Ошибка ликвидатора Самаров Сергей
Микроавтобус легко проехал по гаревой дорожке до асфальта, по нему без проблем миновал небольшой лесок. Он остановился около двухэтажного здания, построенного из силикатного кирпича, как и штабной корпус. Над ним высились только тарелки спутникового телевидения, и не было никаких антенн связи. Из чего я сделал вывод, что мы приехали в казарму.
Дмитрий Евгеньевич сразу провел меня на второй этаж, открыл своим ключом комнату и заявил:
– Твое временное обиталище. Тащи сюда сейф и рюкзак. Думаю, что ты хотя бы ночь для начала здесь проведешь, а дальше будет видно.
– Я вообще-то человек непривередливый, могу даже на лестнице уснуть.
Сейф и рюкзак я принес одним рейсом, продемонстрировал, что радикулитом моя спина не страдает, да и руки еще на что-то способны. По крайней мере, если выгонят из армии, смогу работать в магазине грузчиком. Я слышал, что такая вот трудовая деятельность считалась весьма престижной в советские времена. Однако сейчас ее значимость сошла на нет. Ну да ничего. Я найду себе и другое применение. Например, открою собственный фитнес-клуб и стану там тренером, буду по сходной цене избавлять дамочек от лишнего веса.
– Переодевайся. Сразу на полигон поедем. Там вся группа занимается снайпингом. Сейчас дневные стрельбы, с наступлением темноты – ночные. Оружие бери свое, чтобы рука привыкала, ствол стал ее продолжением.
– Через две минуты буду готов, – заявил я.
Основная часть этого времени у меня ушла на то, чтобы зашнуровать берцы.
Настоящим снайпером я себя никогда не считал. Более того, всегда утверждал, что для каждой военной специальности человеку требуются особые, тщательно наработанные навыки.
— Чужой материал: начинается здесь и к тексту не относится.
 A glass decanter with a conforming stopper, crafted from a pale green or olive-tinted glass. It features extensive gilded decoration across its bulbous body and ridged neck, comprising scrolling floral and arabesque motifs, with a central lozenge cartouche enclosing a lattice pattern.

Тем не менее представление о снайперской стрельбе я, разумеется, имел, умел пользоваться лазерным дальномером, прицельной маркой, знал, что такое параллакс и угловая минута. Мне были известны и еще некоторые тонкости этого военного ремесла. Однако повторю, что профессионалом в этом деле я не являлся.
Тут не было никакой беды. Никто не обнимет необъятного. Каждый военный человек должен заниматься своим делом. Я не мог, например, сравниться с солдатом-сапером в знании минного дела, хотя был знаком с ним не понаслышке. При необходимости я не раз и ставил, и обезвреживал различные взрывные устройства.
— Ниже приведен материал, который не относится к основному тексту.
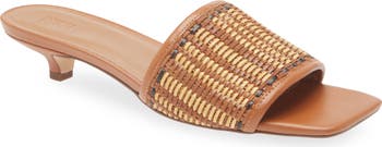 A woven texture defines the wide vamp strap atop a resort-ready sandal lofted by an of-the-moment kitten heel.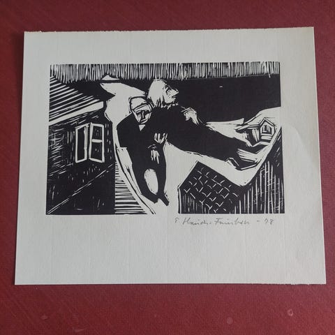 Originalt træsnit af kunstneren Poul Hauch-fausbøll.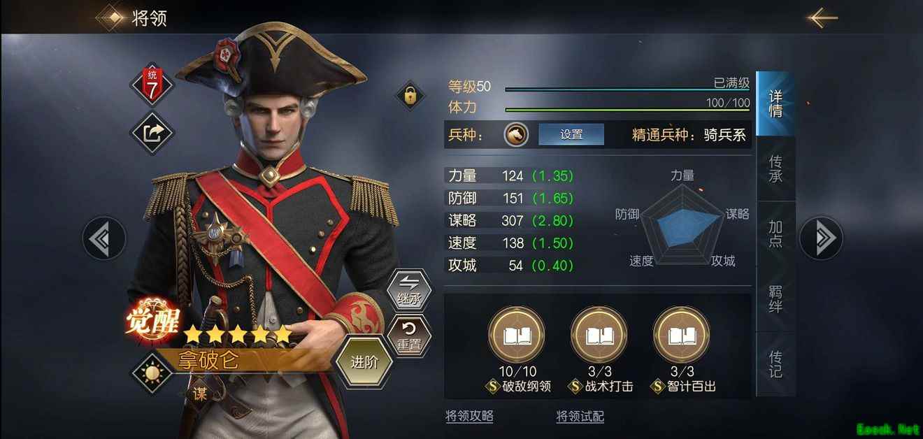 拿破仑自带技能为【破敌纲领】,可以在战斗开始后第1/3/5/7回合,对敌方单体(优先兵力最少)发动1次谋略攻击(初始伤害率150%,满级267%),[附加效果]:若自身兵力大于目标时,额外造成谋略伤害(初始伤害率60%,满级105%)、若击败目标可再次发动造成谋略伤害(初始伤害率150%,满级267%)、身为主将时,额外降低敌人30点速度,持续2回合。

Собрался я быстро, как привык в армии. Свой более-менее приличный экземпляр экипировки «Ратник» я по привычке отправил в шкаф на вешалку. Новую экипировку подтянул, где требовалось, ремнями и пряжками, но не туго. Я не стал загонять себя, как делают некоторые, в жесткий панцирь, в котором трудно бывает пошевелиться.
Машина ждала нас на дороге против дверей, там где мы ее и оставили. Чтобы добраться до стрельбища, не требовалось выезжать за территорию воинской части. Ехали мы минут сорок, все по лесной неровной дороге. Даже на малой скорости укатили мы достаточно далеко.
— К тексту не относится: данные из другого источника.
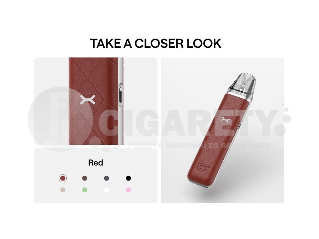 Prémiový designOXVA Xlim GO se pyšní exkluzivně zpracovaným tělem s tradiční, protáhlou konstrukcí, čímž navazuje na oblíbený design série Xlim. Inovativní je jemná textura povrchu, která je dosažena použitím luxusní lepené kůže na obou panelech zařízení. E-cigareta se tak perfektně drží v dlani a lepená kůže dotváří elegantní a sofistikovaný vzhled celého modelu. |

Этот факт говорил о том, что хитрое подразделение, именуемое «сектор Эль», занимало весьма большую территорию. Хотя я сразу предположил, что тут базируются и другие воинские части. Об этом говорило присутствие тут людей в десантной форме и даже представителей инженерных войск.
Надо сказать, что на костюме от «Ратника», который я получил на складе, не было вообще никакой эмблемы. Не имелось ее и на рукаве у майора Апухтина. Но спрашивать что-то ради выяснения ситуации я не стал. Когда нужно будет, возникнет необходимость, мне все растолкуют и сообщат. А если нужды нет, то и суетиться не стоит.
Когда мы прибыли на стрельбище, майор Апухтин предложил мне придумать позывной. Он сказал, что люди в группе не знают ни имен-отчеств, ни фамилий друг друга.
Я ответил, долго не думая:
– Волкодав.
– Привязка!.. – строго напомнил мне Дмитрий Евгеньевич.
Да, он был прав. Привязка ощущалась потому, что спецназовцев ГРУ и внутренних войск часто называют волкодавами.
– Привязка только в том, что у меня дома живет ирландский волкодав.
– Значит, двойная привязка. Как еще ирландских волкодавов называют, если уж тебе так хочется с собакой себя связать?
– Ивушка. Первые две буквы совпадают с названием породы.
– Вот и стань Ивушкой. Капитан Ивушка. Это звучит. Особенно без звания. Будешь просто курсант Ивушка. Ты ведь теперь снова курсантом сделался.
– Надо мной люди смеяться будут. Скажут, что баба. Или решат, что командирше нашей угодить хочу, под нее подстраиваюсь.
– Тогда будешь просто Ив. На французское имя похоже. У тебя, случаем, нет лягушачьих корней?
– Не заводил. Не уважаю кваканье.
– Вот и хорошо. Пусть будет Ив. Устроит?
Майор говорил настойчиво, и у меня не было причин отказываться.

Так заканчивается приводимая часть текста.